> **YOUR OBJECTIVE**: Leave every picture out, and give again exactly the lines from the one containing "RAT 4+鼠标采用PMW3" through the end of the listing.
+--
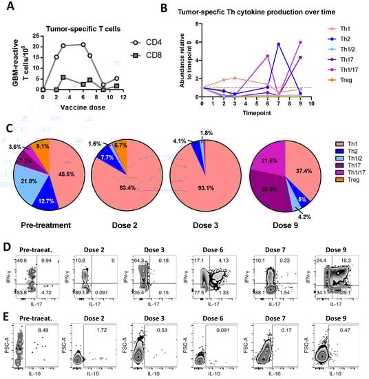 Evolution of tumor-specific CD4+ T-cell phenotype during treatment. (A) The frequency of CD4+ and CD8+ tumor-specific T cells in the patient’s blood was determined by evaluating the presence of proliferating T cells, when challenged with the tumor lysate, in independent wells. The calculation was performed using the number of negative wells according to the Poisson distribution []. (B) We obtained blood from the patient at different timepoints (corresponding to the number of vaccine doses received), and tumor-reactive CD4+ T cells were isolated and expanded. The frequency (among cells producing at least one cytokine, thus excluding the Th0 population) was plotted relative to timepoint 0. (C) The proportion of cells in each Th population was plotted in pie charts for timepoints 0 (pre-treatment), 2, 3, and 9. (D) Dot plots of IFN-γ versus IL-17 expression by GBM-reactive CD4+ T cells in the blood of the patient at different treatment timepoints. (E) Dot plots of IL-10 expression by GBM-reactive CD4+ T cells in CST’s blood at different treatment timepoints.
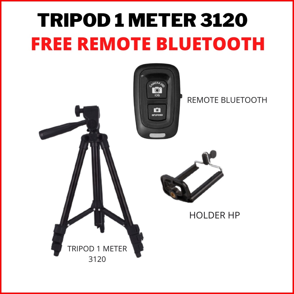 Paket Tripod 1 Meter 3120 Remote Bluetooth Tomsis Wireless Tripod 1 Meter Free Holder U Dan Remote Wireless
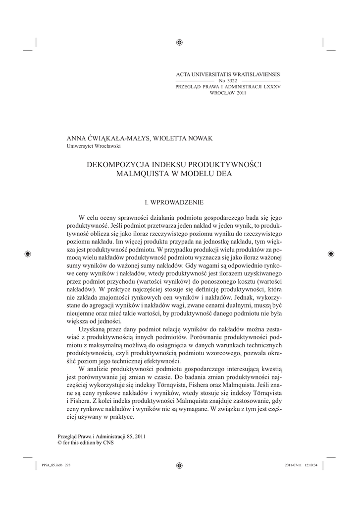 ACTA UNIVERSITATIS WRATISLAVIENSIS ———————— No 3322 ———————— PRZEGLĄD PRAWA I ADMINISTRACJI LXXXV WROCŁAW 2011 ANNA ĆWIĄKAŁA-MAŁYS, WIOLETTA NOWAK Uniwersytet Wrocławski DEKOMPOZYCJA INDEKSU PRODUKTYWNOŚCI MALMQUISTA W MODELU DEA I. WPROWADZENIE W celu oceny sprawności działania podmiotu gospodarczego bada się jego produktywność. Jeśli podmiot przetwarza jeden nakład w jeden wynik, to produktywność oblicza się jako iloraz rzeczywistego poziomu wyniku do rzeczywistego poziomu nakładu. Im więcej produktu przypada na jednostkę nakładu, tym większa jest produktywność podmiotu. W przypadku produkcji wielu produktów za pomocą wielu nakładów produktywność podmiotu wyznacza się jako iloraz ważonej sumy wyników do ważonej sumy nakładów. Gdy wagami są odpowiednio rynkowe ceny wyników i nakładów, wtedy produktywność jest ilorazem uzyskiwanego przez podmiot przychodu (wartości wyników) do ponoszonego kosztu (wartości nakładów). W praktyce najczęściej stosuje się definicję produktywności, która nie zakłada znajomości rynkowych cen wyników i nakładów. Jednak, wykorzystane do agregacji wyników i nakładów wagi, zwane cenami dualnymi, muszą być nieujemne oraz mieć takie wartości, by produktywność danego podmiotu nie była większa od jedności. Uzyskaną przez dany podmiot relację wyników do nakładów można zestawiać z produktywnością innych podmiotów. Porównanie produktywności podmiotu z maksymalną możliwą do osiągnięcia w danych warunkach technicznych produktywnością, czyli produktywnością podmiotu wzorcowego, pozwala określić poziom jego technicznej efektywności. W analizie produktywności podmiotu gospodarczego interesującą kwestią jest porównywanie jej zmian w czasie. Do badania zmian produktywności najczęściej wykorzystuje się indeksy Törnqvista, Fishera oraz Malmquista. Jeśli znane są ceny rynkowe nakładów i wyników, wtedy stosuje się indeksy Törnqvista i Fishera. Z kolei indeks produktywności Malmquista znajduje zastosowanie, gdy ceny rynkowe nakładów i wyników nie są wymagane. W związku z tym jest częściej używany w praktyce. Przegląd Prawa i Administracji 85, 2011 © for this edition by CNS PPiA_85.indb 273 2011-07-11 12:10:34 274 ANNA ĆWIĄKAŁA-MAŁYS, WIOLETTA NOWAK Dla celów analitycznych istotne jest nie tylko porównanie osiąganej przez dany podmiot relacji wyników do nakładów w różnych okresach, ale także analiza czynników, które wywołały zmianę jego produktywności. By ustalić przyczyny zmian produktywności w czasie, stosuje się różne dekompozycje indeksu produktywności Malmquista. Celem niniejszego artykułu jest analiza porównawcza stosowanych w literaturze przedmiotu rozkładów indeksu Malmquista. Dekompozycje indeksu przeprowadza się, wykorzystując metodę granicznej analizy danych. II. GRANICZNA ANALIZA DANYCH Graniczna analiza danych (Data Envelopment Analysis — DEA) jest jedną z najczęściej stosowanych nieparametrycznych metod pomiaru efektywności technicznej. Jej podstawy po raz pierwszy zaprezentowali A. Charnes, W.W. Cooper i E. Rhodes w 1978 roku1. Intensywny rozwój DEA nastąpił w drugiej połowie lat 90. XX wieku. Metoda umożliwia zbadanie efektywności technicznej w grupie podmiotów, które za pomocą wielu nakładów uzyskują wiele wyników. Na podstawie danych empirycznych wyodrębnia się podmioty najbardziej produktywne. Podmioty te wyznaczają krawędź zbioru możliwości produkcyjnych (krzywą efektywności). Jednostki znajdujące się poza tą krzywą są technicznie nieefektywne. W celu wyznaczenia efektywności danego podmiotu rozwiązuje się odpowiednie zadanie programowania liniowego. Na wartość technicznej efektywności ma wpływ rodzaj korzyści skali i orientacji modelu. Ze względu na korzyści skali wyróżnia się modele DEA o stałych i zmiennych korzyściach skali. Kryterium korzyści skali ma wpływ na sposób wyznaczania krzywej efektywności. W modelu DEA o stałych korzyściach skali krzywa efektywności dla podmiotów, które wytwarzają jeden wynik za pomocą jednego nakładu, jest linią prostą o nachyleniu równym produktywności podmiotu wzorcowego. Z kolei w modelu DEA o zmiennych korzyściach skali, krzywa efektywności jest krzywą wypukłą, której wierzchołki tworzą jednostki o najwyższych produktywnościach. Model DEA może być modelem niezorientowanym lub zorientowanym, przy czym kryterium orientacji formułuje się w odniesieniu do nakładów lub wyników. W modelach zorientowanych wartość wyniku efektywności pokazuje zmianę w nakładach lub wynikach, która powoduje, że dany podmiot staje się efektywny. Efektywność techniczna zorientowana na wyniki danego podmiotu jest ilorazem jego produktywności do produktywności podmiotu, który osiąga maksymalny wynik z danego nakładu. Z kolei, efektywność techniczna zorientowana na nakłady 1 A. Charnes, W.W. Cooper, E.L. Rhodes, Measuring the efficiency of decision making units, „European Journal of Operational Research” 1978, nr 2, s. 429–444. Przegląd Prawa i Administracji 85, 2011 © for this edition by CNS PPiA_85.indb 274 2011-07-11 12:10:35 DEKOMPOZYCJA INDEKSU PRODUKTYWNOŚCI MALMQUISTA W MODELU DEA 275 jest ilorazem produktywności danego podmiotu do produktywności podmiotu, który osiąga dany wynik za pomocą minimalnego nakładu2. Miary technicznej efektywności uzyskane w modelach DEA o stałych i zmiennych korzyściach skali wykorzystuje się do wieloczynnikowego rozkładu indeksu produktywności Malmquista. III. SPOSOBY ROZKŁADU INDEKSU PRODUKTYWNOŚCI MALMQUISTA Indeks produktywności Malmquista służy do porównania osiąganej przez dany podmiot relacji wyników do nakładów w dwóch różnych okresach. Jeśli podmiot za pomocą nakładu x otrzymuje wynik y, to indeks ten jest obliczany według wzoru: M= y t+1 /xt+1 , y t /xt (1) gdzie: y t / x t — produktywność p
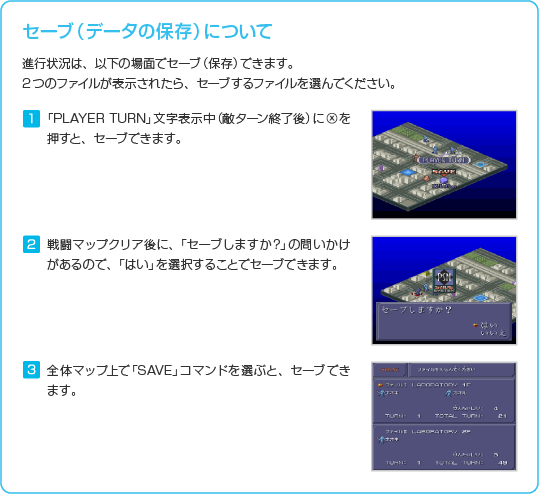 人間ユニットのHPが1人でも0になるとゲームオーバーとなり、データのロード画面に戻ります。 マップによっては、拠点を敵に奪われるなど特定の条件で、ゲームオーバーになる場合もあります。 セーブしている場合は、最後にセーブした場所からプレイし直すことができます。 |
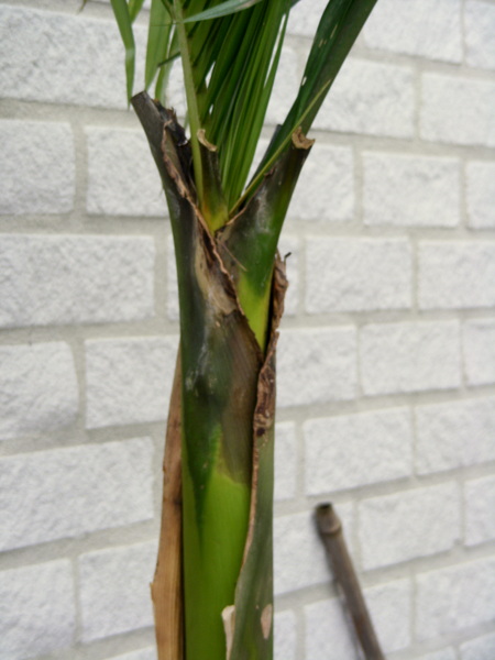 Ik zag dat de palm begon te scheuren in de stam, is dit een teken dat oude bladeren aan het afstoten is?
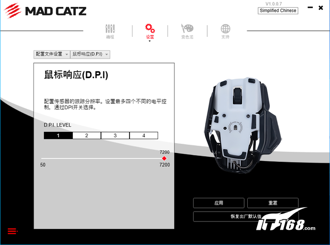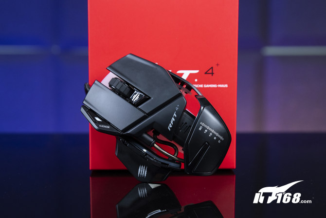 RAT 4+鼠标采用PMW3330光学引擎,一共有9个按键,其中7个可编程,左右键采用欧姆龙微动,可以点击超过2000万次,寿命超长,左键旁的MODE键可以切换4种预设的DPI值,最高7200DPI。
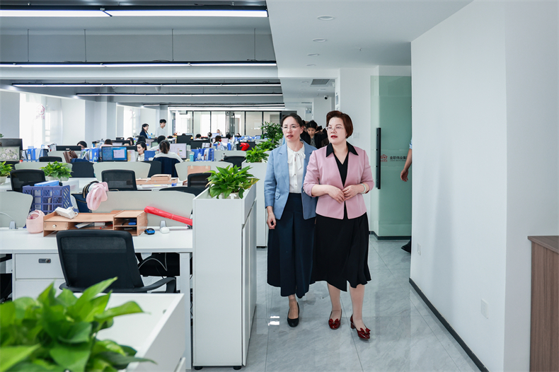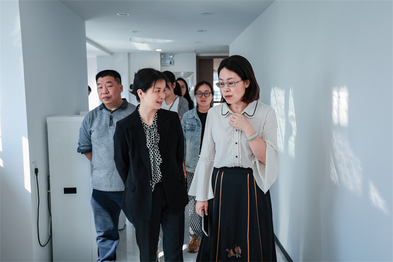 長沙民政職業技術學院教學副校長劉亞琴一行實地參觀了新建成啟用的共同體秘書處、共同體辦公室、共同體成果展廳、就業實踐中心及智能娃娃生產基地,詳細了解了共同體實體化運行機制及辦公場地規劃。
+--
> **TASK RESPONSE**:
 RAT 4+鼠标采用PMW3330光学引擎,一共有9个按键,其中7个可编程,左右键采用欧姆龙微动,可以点击超过2000万次,寿命超长,左键旁的MODE键可以切换4种预设的DPI值,最高7200DPI。
 長沙民政職業技術學院教學副校長劉亞琴一行實地參觀了新建成啟用的共同體秘書處、共同體辦公室、共同體成果展廳、就業實踐中心及智能娃娃生產基地,詳細了解了共同體實體化運行機制及辦公場地規劃。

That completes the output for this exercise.